One definition of brazing is “joining of two materials using a third, dissimilar material at higher temperatures than soldering.”
In this case joining can be weak or strong depending on the materials being joined and, more importantly, how those materials are prepared and processed.
- Two very thin glass plates can be held together simply by putting a drop of water between them. This is commonly done as a demonstration with microscope slides. Of course two very smooth surfaces will tend to adhere to each other without water. Atmospheric pressure presses the two plates together.
- The braze alloy can act like a glue.
- Rougher surfaces tend to join better because a rougher surface has more area for joining.
- A clean surface will bond better than a dirty surface. You can bond dirty surfaces.
- You can create an intermetallic between the braze alloy and the materials being joined. This is a chemical bonding and is typically the strongest bond.
In the strongest braze joints all of the above come into play.
The standard for braze joint strength in many industries is a joint that is stronger than either metal.

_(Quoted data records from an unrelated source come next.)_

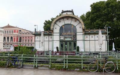 向かい合う2棟一対の駅舎で,オットー・ヴァーグナーによるユーゲントシュティール建築の代表作。19世紀末に生まれた新しい芸術の潮流で,アール・ヌーヴォーとも言われます。屋根の庇や壁面に施された黄金の装飾が特徴的。前身であるSバーンが地下鉄U4線に転換されて廃業。博物館とカフェに転用されていますが,博物館の方の建物には,心ない落書きがなされ,景観が台無し。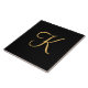 Gold-coloured initial K on black background Tile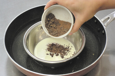 | 1) ボールに生クリームを入れて50℃程度の湯煎に当てて温め、チョコレートを加えて溶かす。 | ![]() |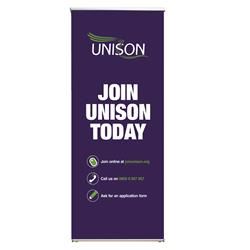 800mm wide, heavy base. Suitable for indoor and outdoor use.1 Year warranty. Supplied with padded carry bag. Printed in full colour to your design.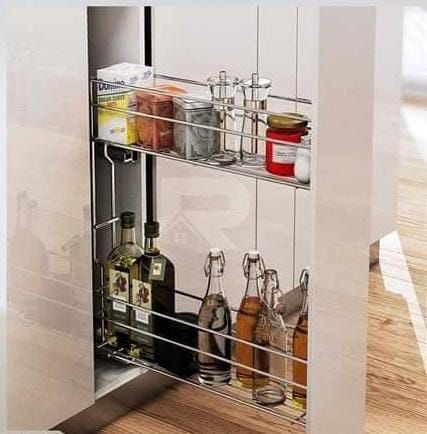 - *الاستخدام:* تخزين وتنظيم الزيوت، التوابل، المنظفات، العلب، أو الأدوات داخل وحدات المطبخ الضيقة.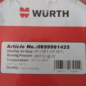 UltraFlex Air Hose WURTH 1/4" x 25FT 0699991425 1/4" MPT Pressure 300 P.S.I. 70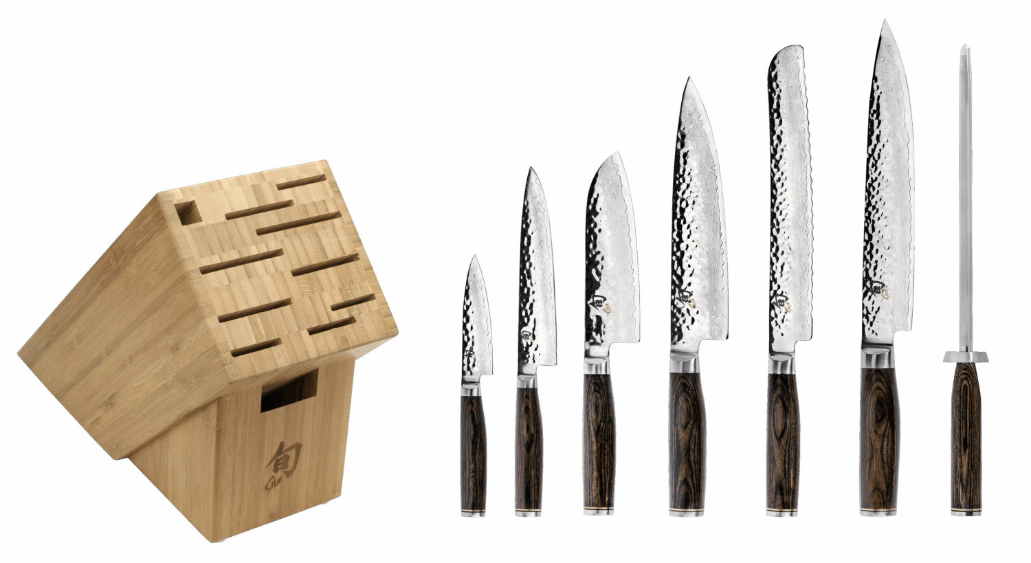The Shun Premier 8-piece Professional Set is part of the beautiful Shun Premier line, which calls to mind the hand-forged knives of ancient Japan. While each knife still takes at least 100 handcrafted steps to complete, the materials Shun uses are among the most advanced in the industry. Each blade has a cutting core of Shun’s proprietary VG-MAX “super steel” to take and hold a precision edge. The layered Damascus cladding supports the core and provides additional stain resistance. Near the edge of the blade, where the steels meet, an undulating line is formed—similar to the hamon formed when samurai swords are tempered using a traditional clay-baking technique. The hammered tsuchime finish acts like a series of hollow-ground cavities to reduce drag. The handles nestle comfortably in the hand, while the embossed end cap adds balance and beauty.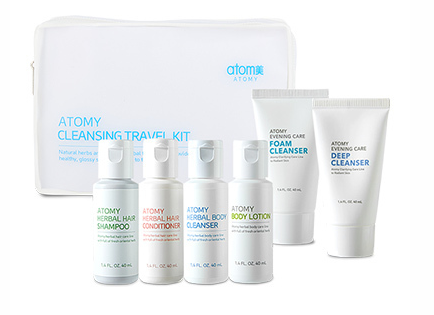 Atomy дорожный набор 6 - это самые продаваемые средства для очищения и ухода за кожей и волосами, но в меньшем объеме.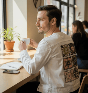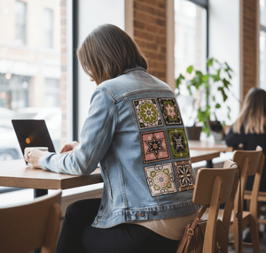 TALAVERA MEXICAN TILE by Catcoq, digitally printed on a hand-made Denim Jacket with 3 color choices: Stonewash, White, or Black. Unisex XS S M L XL 2X 3X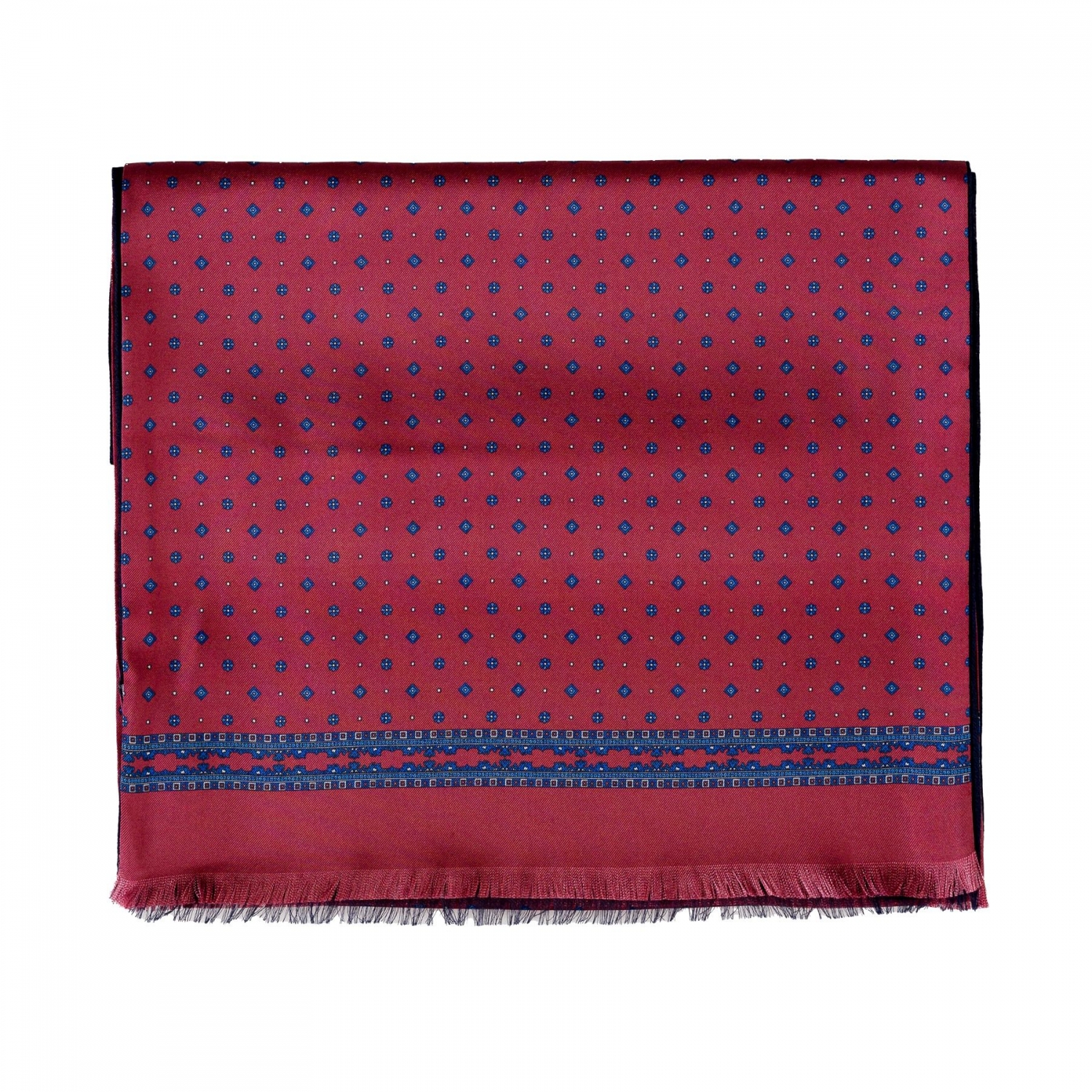 Esarfa din matase si lana barbati Uomo Florenta bordeaux, finisata impecabil, este alegerea ideala pentru o tinuta masculina eleganta. Esarfa este dubla, cu una din fete din matase naturala twill cu print bleumarin, geometric si cu fata interioara din tesatura de calitate, bleumarin, de lana. Alege din colectia Uomo Florenta, un accesoriu distins, perfect pentru un cadou special!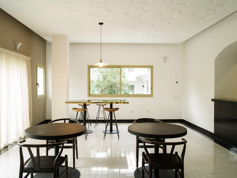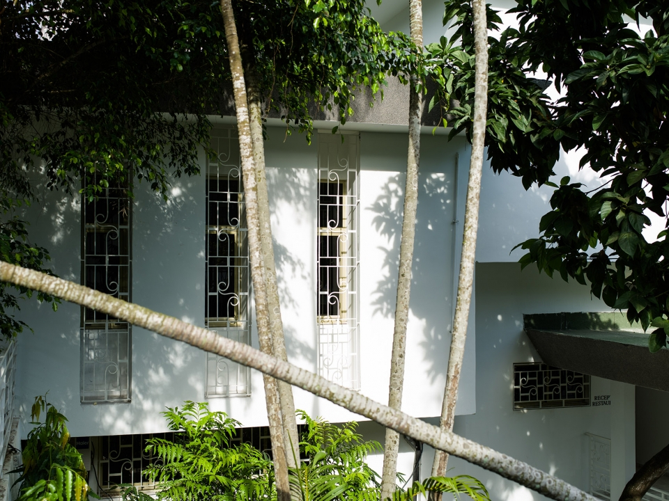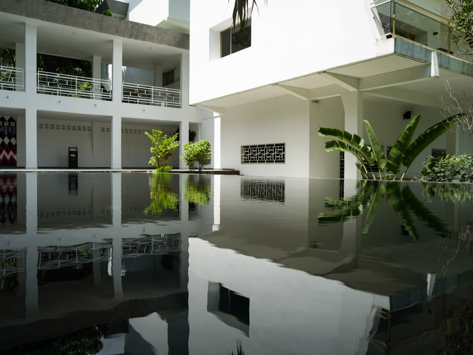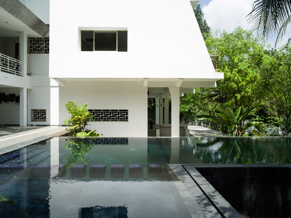 酒店外觀局部,建筑在泳池中投下倒影,部分外部視圖,池反射建筑物。健身房和養(yǎng)生區(qū)位于原建筑的廚房處,擁有良好的自然通風(fēng)以及朝向。游泳池又長又窄,客人們可以在其中進(jìn)行來回往復(fù)式的游泳運動,同時還在炎炎夏日里為客人們提供了一個消暑空間,當(dāng)?shù)貥淠镜娜~子和開花植物則為泳池空間提供了遮陰處和裝飾。

In the case of a carbide tipped saw blade this means that the steel or the carbide tip will rip before the joint will give way.
Common Techniques
Silver brazing
If silver alloy is used, brazing can be referred to as 'silver brazing'. Colloquially, the inaccurate terms "silver soldering" or "hard soldering" are used, to distinguish from the process of low temperature soldering that is done with solder having a melting point below 450 °C (842 °F), or, as traditionally defined in the United States, having a melting point below 800°F or 425°C. Silver brazing is similar to soldering but higher temperatures are used and the filler metal has a significantly different composition and higher melting point than solder. Likewise, silver brazing often requires the prior machining of parts to be joined to very close tolerances prior to joining them, to establish a joint gap distance of a few micrometres or mils for proper capillary action during joining of parts, whereas soldering does not require gap distances that are nearly this small for successful joining of parts. Silver brazing works especially well for joining tubular thick-walled metal pipes, provided the proper fit-up is done prior to joining the parts.Brazing is widely used in the tool industry to fasten carbide, cermet or ceramic tips to tools such as saw blades. The use of “pretinned” is widely practiced. In this case the braze alloy is melted onto the hardmetal tip. The tip is then placed next to the steel and remelted. The advantage is that hardmetals, (carbide, ceramics and similar) are designed to be wear and corrosion resistant so they are hard to wet (also spelled as whet).
In this case the braze joint is typically two thousandths to seven thousandths of an inch thick. The braze alloy serves to join the materials. It also serves to compensate for the difference in expansion rates of the materials. In addition it provides a cushion between the hard carbide tip and the hard steel which softens impact and prevents tip loss and damage much as the suspension on a vehicle helps prevent damage to both the tire and the vehicles. Finally the braze alloy joins with the other two materials to create composite structure much as layers of wood and glue create plywood.
Braze welding
In another similar usage, brazing is the use of a bronze or brass filler rod coated with flux together with an oxyacetylene torch, to join pieces of steel. The American Welding Society prefers to use the term Braze Welding for this process, as capillary attraction is not involved, unlike the prior silver brazing example. Braze welding takes place at the melting temperature of the filler (e.g., 870 °C to 980 °C or 1600 °F to 1800 °F for bronze alloys) which is often considerably lower than the melting point of the base material (e.g., 1600 °C (2900 °F) for mild steel).
In Braze Welding or Fillet Brazing, a bead of filler material reinforces the joint. A braze-welded tee joint is shown here.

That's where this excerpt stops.